The FDA official said the agency practices enforcement discretion and focuses more on preventing large amounts of re-exported prescription drugs from flooding the U.S. market than stopping small shipments for use by individuals.

The FDA official said the agency does worry that U.S. patients may not get the label information they need when they buy the drugs over the Internet instead of from a U.S. pharmacy.

New York's state comptroller, Alan Hevesi said yesterday that he'll urge GlaxoSmithKline to reverse its stance on trying to block Canadian pharmacies from selling low-cost drugs to New Yorkers. Hevesi oversees the state's $102 billion employee retirement fund, which holds 5.2 million shares of stock of Glaxo Smith Kline.

"I'd be glad to talk to them and urge them to understand the concerns of the retirees," Hevesi said.
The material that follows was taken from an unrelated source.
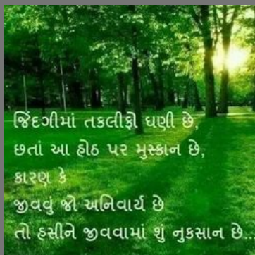
Agriculture Land Sale

Michael Burgess of the Statewide Senior Action Council called on Hevesi yesterday "to consider 'blacklisting' the company and withdrawing any pension investments in it," if it doesn't change its stance. "We are asking you to consider taking action against them through your considerable power as head of the state Retirement Fund," Burgess said in a letter to Hevesi.

Paul Clark, a pharmacist in Carman, Manitoba, opened Hometown Meds on the Internet this past summer and has customers throughout the New York metro area.

"Our customers, generally speaking, are a group of people, particularly seniors, who quite honestly don't have another option," Clark said. "None of the manufacturers have been particularly thrilled about us selling into the U.S. market just from a profit standpoint."

American customers must send a copy or their original prescription from their physician before Hometown Meds will fill the order. A physician and two pharmacists at Hometown Meds review the prescription before filling it.

"It seems to me this is more about bullying than legitimate concerns," Clark said. "I would assume that if GlaxoSmithKline is successful in shutting down this part of the business that other manufacturers will jump on soon," he said.

Lowell Weiner, a spokesman for Madison, N.J.-based Wyeth, said the company is concerned about patient safety and also maintaining adequate product supply for patients in Canada. With 2,900 employees, Wyeth's manufacturing and research and development campus in Pearl River is Rockland County's largest employer.

"We have similar concerns that Glaxo raised and we are monitoring the situation very carefully. In addition, we did send a letter in July to customers in Canada from the Canadian affiliate," Weiner said. "That letter basically said that this concern involved exportation of Canadian products outside of Canadian borders and the purpose of the letter is to advise that all products distributed by Wyeth in Canada are for sale in Canada only and are not for export."